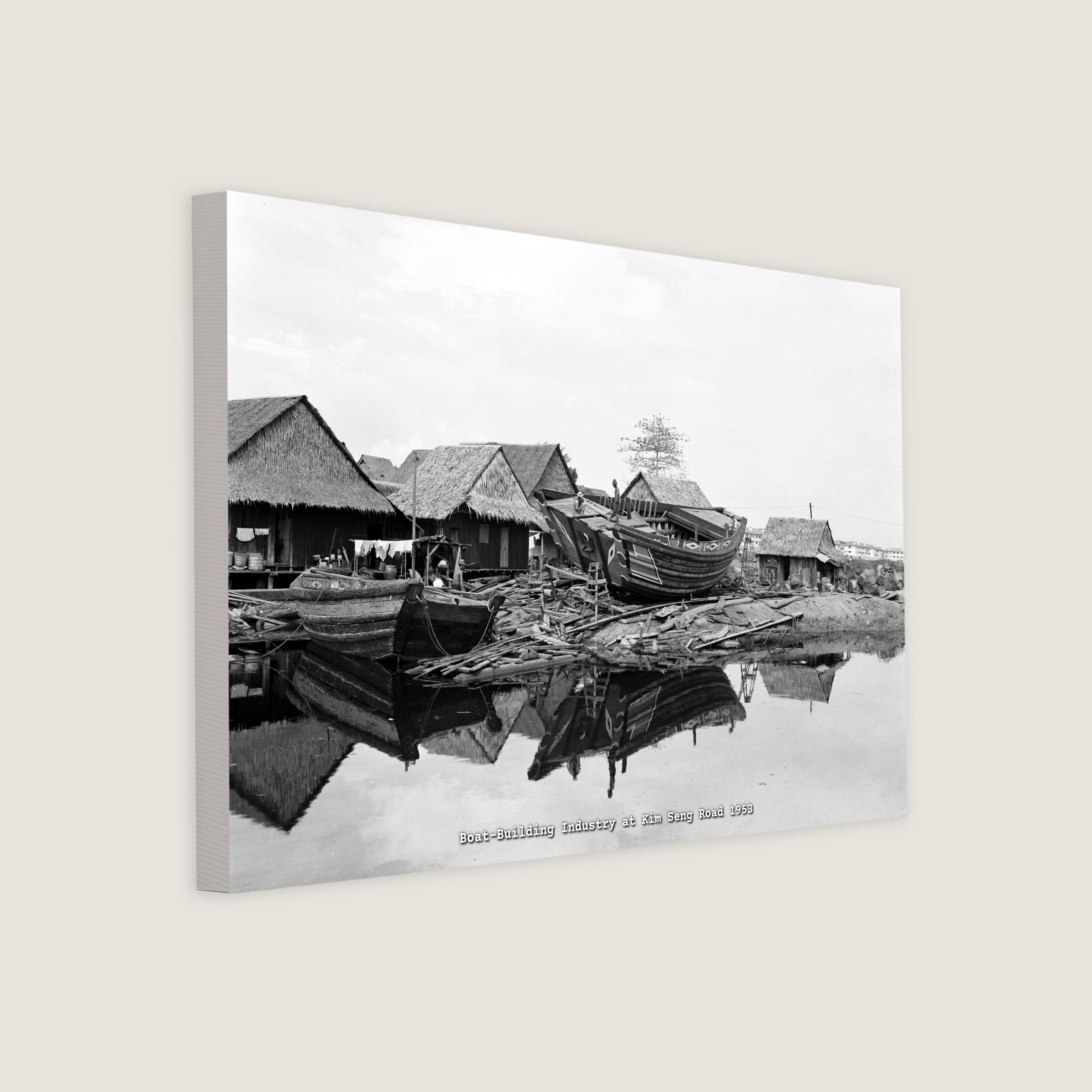 The boat-building industry could be found on Kim Seng Road near the Singapore River. The Singapore River extended from its mouth to the current Kim Seng Bridge.
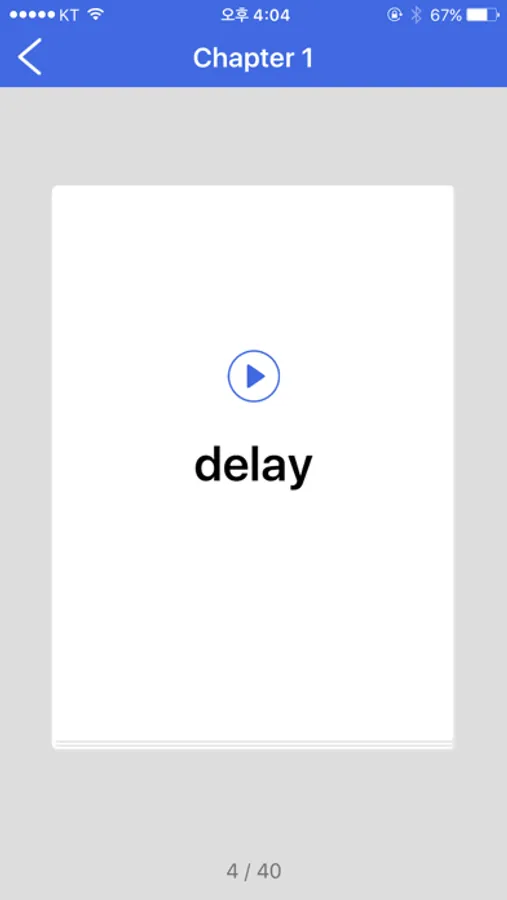 각 단어장의 모든 단어를 학습합니다. 암기한 단어는 왼쪽, 암기하지 못한 단어는 오른쪽으로 밀어두어 재학습이 가능합니다.
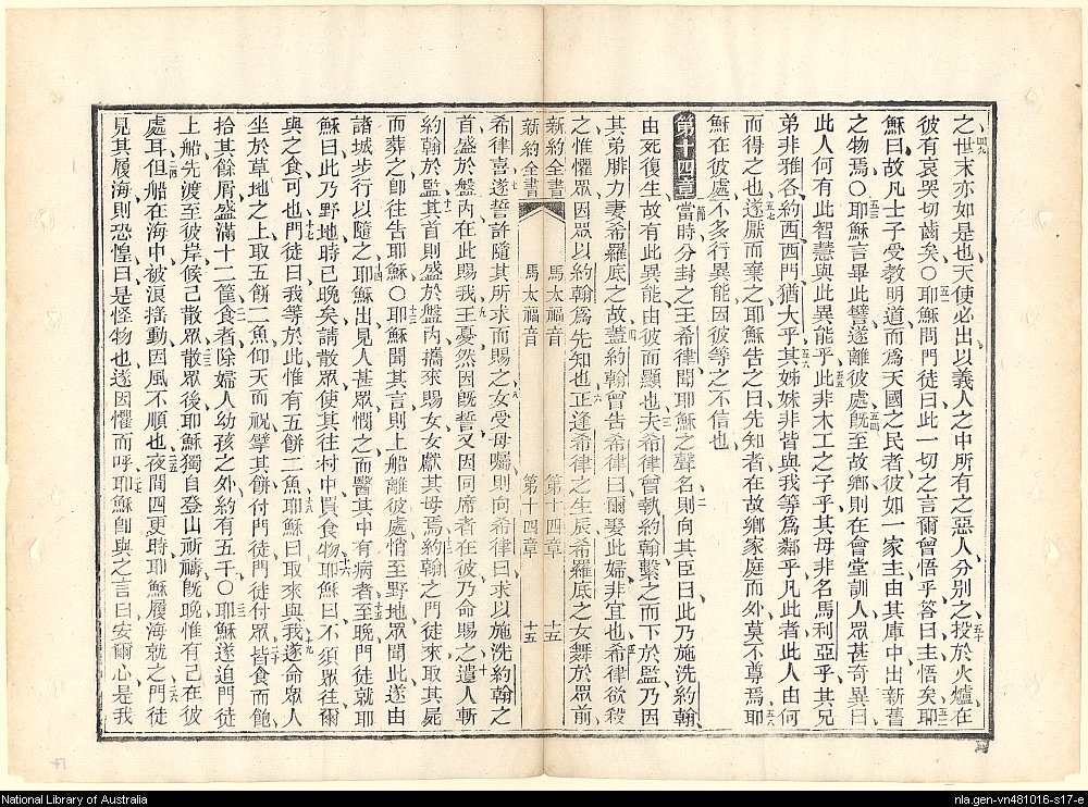 1885年新约全书 马太福音 13 章 49 节到 14 章 27 节
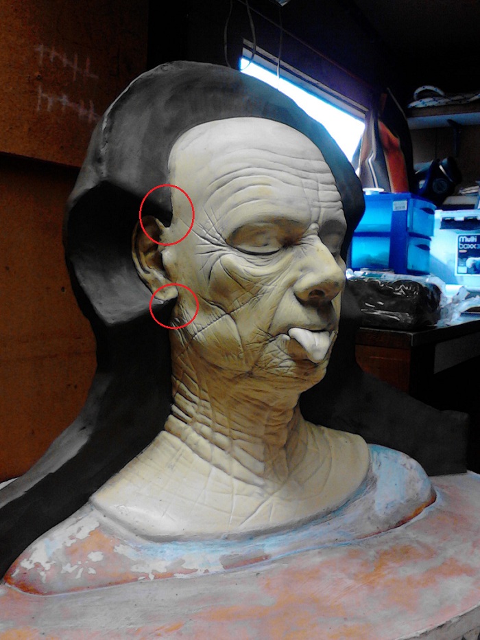 Sculpture en plastiline ivoire dureté 70, pénible au départ car c'est véritablement dur même légèrement chauffée, mais avec cette dureté le montage du plan joint ne laisse pas de trace même sur les textures.
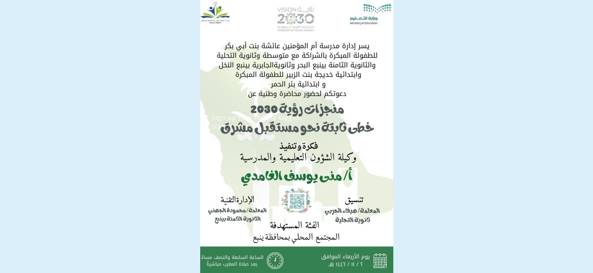 بالتزامن مع إعلان تقرير منجزات رؤية 2030 في ذكرى العام التاسع لانطلاقتها تم تنفيذ أمسية وطنية عن بعد بعنوان (منجزات رؤية 2030 خطى ثابتة نحو مستقبل مشرق) وهي فكرة بادرت بها الوكيلة للشؤون التعليمية والمدرسية المستشار التعليمي والإعلامي وكاتبة الرأي أ. منى يوسف الغامدي وهي منسوبات مدرسة أم المؤمنين عائشة بنت أبي بكر للطفولة المبكرة بينبع الصناعية وبالتنسيق مع متوسطة وثانوية التحلية والتعاون مع المعلمة هيفاء الحربي كما تم الاتفاق مع مديرة الثانوية الثامنة بينبع البحر والتعاون مع المعلمة محمودة الجهني لتكون الإدارة التقنية والقاعة الافتراضية بإدارتها ، ومن ثم تم استهداف مدرسة في قطاع ينبع النخل وهي ثانوية الجابرية بالتنسيق مع المعلمة أماني العمري.
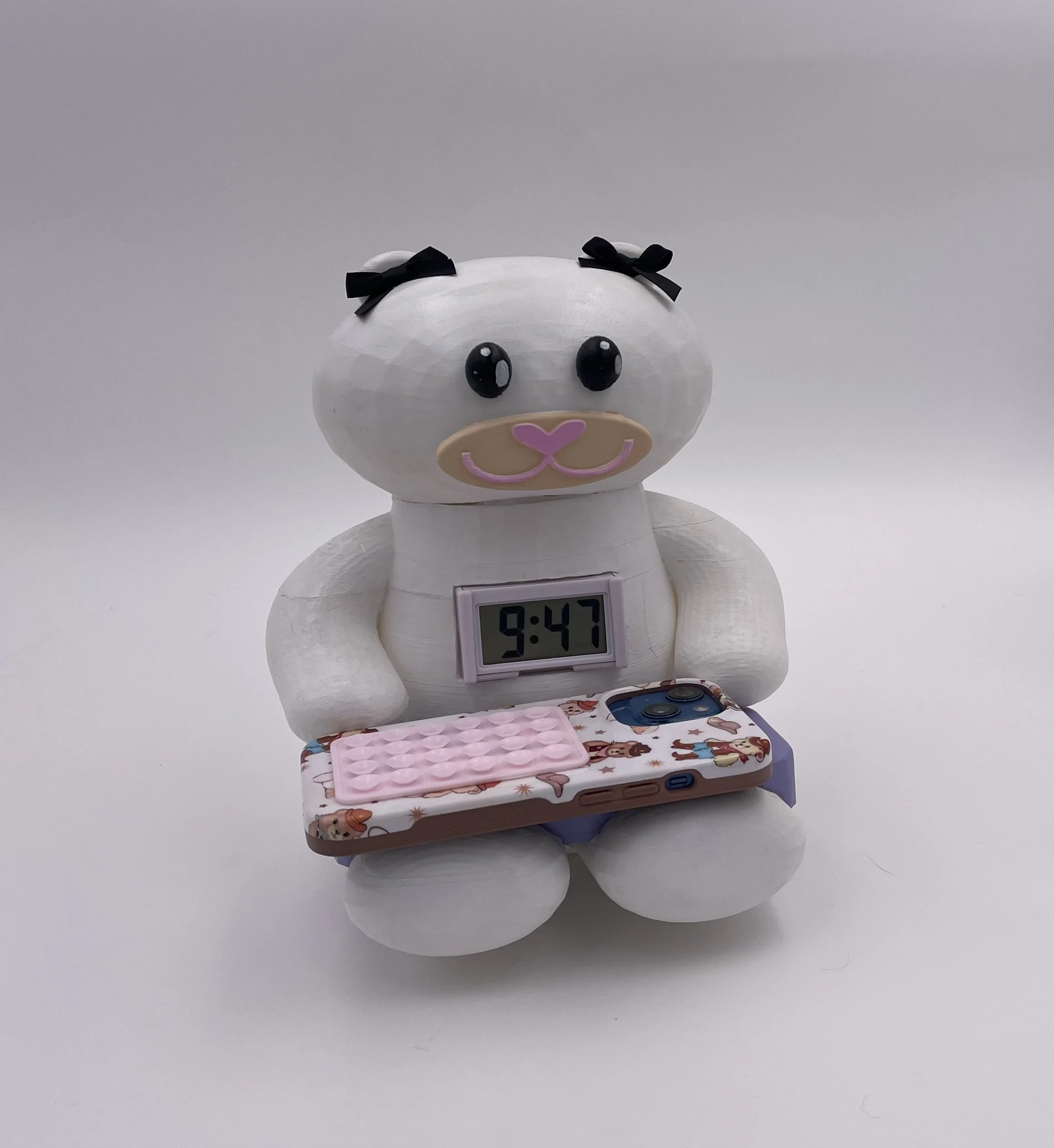 This lamp was developed as part of my Product Form class, where we explored the significance of form in product design. For the project, we were tasked with selecting an emotion as a design inspiration, and I chose happiness. Drawing from this theme, I crafted a playful and endearing bear concept, blending elements of charm and whimsy. The lamp was fully modeled in Rhino7 and 3D printed for precise fabrication. It features a wireless charging pad integrated into the bear's base and a light embedded in the top, seamlessly combining functionality with a joyful design.
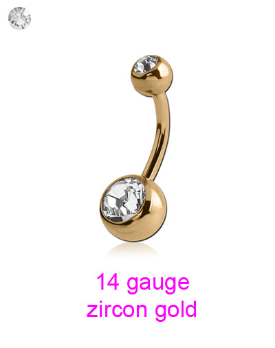 Zircon Gold is a surgical steel base with a golden colored PVD coating. The PVD formula is proven to be biocompatible and permanent. Autoclavable and ultra safe, Zircon Gold is an extremely high quality range of jewellery.
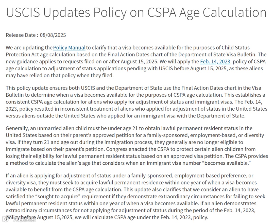 2025年8月8日,美国公民及移民服务局(USCIS)突然发布公告,宣布自2025年8月15日起,将全面改变《儿童身份保护法》(Child Status Protection Act,简称 CSPA)的年龄计算方式。这一变化将统一采用国务院签证公告中的“最终裁定日期表”(Final Action Dates,即表A)来计算CSPA年龄,不再参考“递交申请日期表”(Dates for Filing,即表B)。
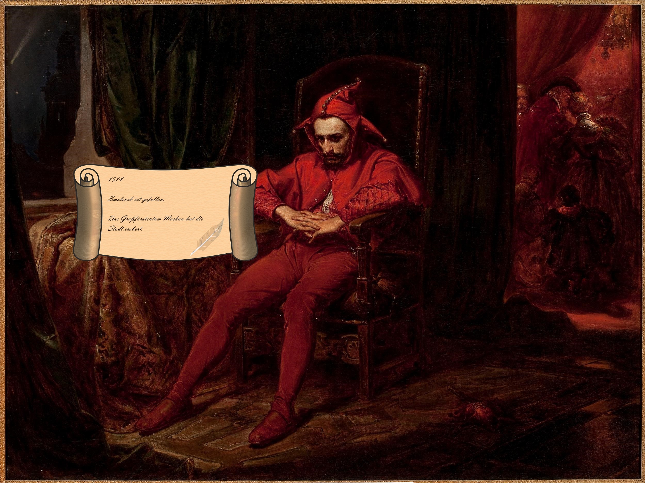 Furthermore, we implemented another bonus level where the players are able to use Augmented Reality to find additional information in a painting. Information that might otherwise only have been found by searching for additional historical context on the internet. In our example we took Jan Matejko's painting called "Stanczyk". Without knowing the historical context, the observers might not be aware why the Jester looks so sad in that painting, but with our implementation one can use a mobile device to scan the image for interesting points in AR, which will present the relevant knowledge in a more interactive way. All in all, our goal was to create a total experience that on one hand is capable of delivering an interesting narrative that explains the context of these paintings, but on the other hand, is able to take the players on an immersive journey to augment their interaction with art.

• [About this task]
The records above need to be reproduced exactly, with all images omitted.

• [Reply]
 The boat-building industry could be found on Kim Seng Road near the Singapore River. The Singapore River extended from its mouth to the current Kim Seng Bridge.
 각 단어장의 모든 단어를 학습합니다. 암기한 단어는 왼쪽, 암기하지 못한 단어는 오른쪽으로 밀어두어 재학습이 가능합니다.
 1885年新约全书 马太福音 13 章 49 节到 14 章 27 节
 Sculpture en plastiline ivoire dureté 70, pénible au départ car c'est véritablement dur même légèrement chauffée, mais avec cette dureté le montage du plan joint ne laisse pas de trace même sur les textures.
 بالتزامن مع إعلان تقرير منجزات رؤية 2030 في ذكرى العام التاسع لانطلاقتها تم تنفيذ أمسية وطنية عن بعد بعنوان (منجزات رؤية 2030 خطى ثابتة نحو مستقبل مشرق) وهي فكرة بادرت بها الوكيلة للشؤون التعليمية والمدرسية المستشار التعليمي والإعلامي وكاتبة الرأي أ. منى يوسف الغامدي وهي منسوبات مدرسة أم المؤمنين عائشة بنت أبي بكر للطفولة المبكرة بينبع الصناعية وبالتنسيق مع متوسطة وثانوية التحلية والتعاون مع المعلمة هيفاء الحربي كما تم الاتفاق مع مديرة الثانوية الثامنة بينبع البحر والتعاون مع المعلمة محمودة الجهني لتكون الإدارة التقنية والقاعة الافتراضية بإدارتها ، ومن ثم تم استهداف مدرسة في قطاع ينبع النخل وهي ثانوية الجابرية بالتنسيق مع المعلمة أماني العمري.
 This lamp was developed as part of my Product Form class, where we explored the significance of form in product design. For the project, we were tasked with selecting an emotion as a design inspiration, and I chose happiness. Drawing from this theme, I crafted a playful and endearing bear concept, blending elements of charm and whimsy. The lamp was fully modeled in Rhino7 and 3D printed for precise fabrication. It features a wireless charging pad integrated into the bear's base and a light embedded in the top, seamlessly combining functionality with a joyful design.
 Zircon Gold is a surgical steel base with a golden colored PVD coating. The PVD formula is proven to be biocompatible and permanent. Autoclavable and ultra safe, Zircon Gold is an extremely high quality range of jewellery.
 2025年8月8日,美国公民及移民服务局(USCIS)突然发布公告,宣布自2025年8月15日起,将全面改变《儿童身份保护法》(Child Status Protection Act,简称 CSPA)的年龄计算方式。这一变化将统一采用国务院签证公告中的“最终裁定日期表”(Final Action Dates,即表A)来计算CSPA年龄,不再参考“递交申请日期表”(Dates for Filing,即表B)。
 Furthermore, we implemented another bonus level where the players are able to use Augmented Reality to find additional information in a painting. Information that might otherwise only have been found by searching for additional historical context on the internet. In our example we took Jan Matejko's painting called "Stanczyk". Without knowing the historical context, the observers might not be aware why the Jester looks so sad in that painting, but with our implementation one can use a mobile device to scan the image for interesting points in AR, which will present the relevant knowledge in a more interactive way. All in all, our goal was to create a total experience that on one hand is capable of delivering an interesting narrative that explains the context of these paintings, but on the other hand, is able to take the players on an immersive journey to augment their interaction with art.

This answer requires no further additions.